Sure I am a child of divorced parents. Yes, I went to college out of state. And I did move across country for a job opportunity. But I didn’t have a family I was bringing with me. I am relatively new to this thing called “life,” so all these changes didn’t affect me as they would someone who was more accustomed to a certain way of life. I couldn’t imagine how it would impact me having to move across the U.S. if I had a family I would have to take with me. I couldn’t imagine the fear that would come if I would lose my job having to provide for people I love.

This section is the main idea of the whole letter to the Galatians. If someone told me to explain this letter in a couple sentences, I would just point them to Galatians 2:15-21. Here Paul takes a look back at what he went through with calling Peter out on Peter’s hypocrisy. This is probably a summary of what Paul said to Peter, along with some personal testimony, theology (ideas about God), soteriology (understanding salvation), and ecclesiology (understanding what the church is).

Witherington states: “[This] argument is not basically about getting in [to heaven], nor even about how one stays in, but rather about how one goes on in Christ and with the aid of the Holy Spirit.” Here Paul develops his argument stating that to be in Christ does not mean that one follows the Law of Moses but instead the Law of Christ. Paul balances the works of the law with the faithful act of Christ’s crucifixion. This is why he says: “One is not justified by works of the law but by the faithfulness of Jesus Christ” (Gal 2:16b).

Paul is saying that God wants all people to forget who they once were and get a new identity in Christ. “I have been crucified with Christ,” Paul says, “It is no longer I who live, but Christ who lives in me.” Paul is saying that he has to strip his identity as a Jew, and he now has to redefine who he is in Christ. He is encouraging the Galatians to also not become Jewish, get circumcised, and follow the works of the Law. Paul is encouraging them to find their identity instead in Christ.

This would be like someone getting divorced after many years. This would be like someone changing their career right before it was time for them to retire. To be a Christian one had to completely change how they once lived. For many, this would be no easy task. Many grew up being Jewish and following the Law, or they were Gentile and merely did as they pleased. To now go from doing those things to following the Law of Christ would be like completely redefining who they were.

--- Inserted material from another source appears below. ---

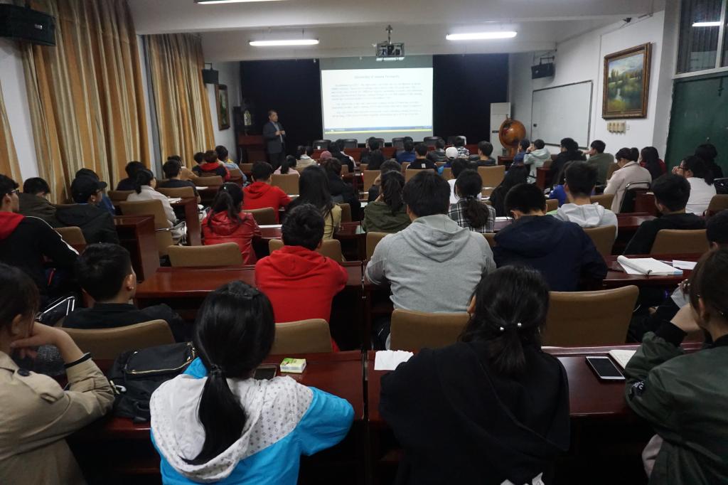 陈钢教授做了题为《Alaska and University of AlaskaFairbanks》的报告。首先采用图文结合、视频等方式生动形象地介绍了阿拉斯加州的地理、自然和人文景观,油气和金属矿山产业的发展现状;然后对阿拉斯加大学费尔班克斯分校的概况、专业设置、实践教学方式和优秀中国留学生等情况做了详细介绍。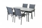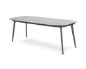 Mocna konstrukcja aluminiowa malowana proszkowo na kolor ciemnoszary. Blat ceramiczny z zaokrąglonymi nogami.

Have you redefined yourself since becoming a Christian? Do you see yourself as your own, or do you see your life as being one in Christ? We need to be unified in Christ! We need to discover who we are as individuals and as a community through the understanding of who Jesus is as the Christ. The gospel is the good news of Christ’s life, death, and resurrection. It is about how Christ has come to set a wicked world to rights. How has the gospel affected your life? Has Christ’s faithful act of dying on a cross transformed your life?

Take time to reflect on who you once were and who you are now that you are in Christ. Take time to remember what Christ has done for you through dying on the cross – the love, the sacrifice, and the implications of that event. Take a moment to remind yourself of your new identity in Christ.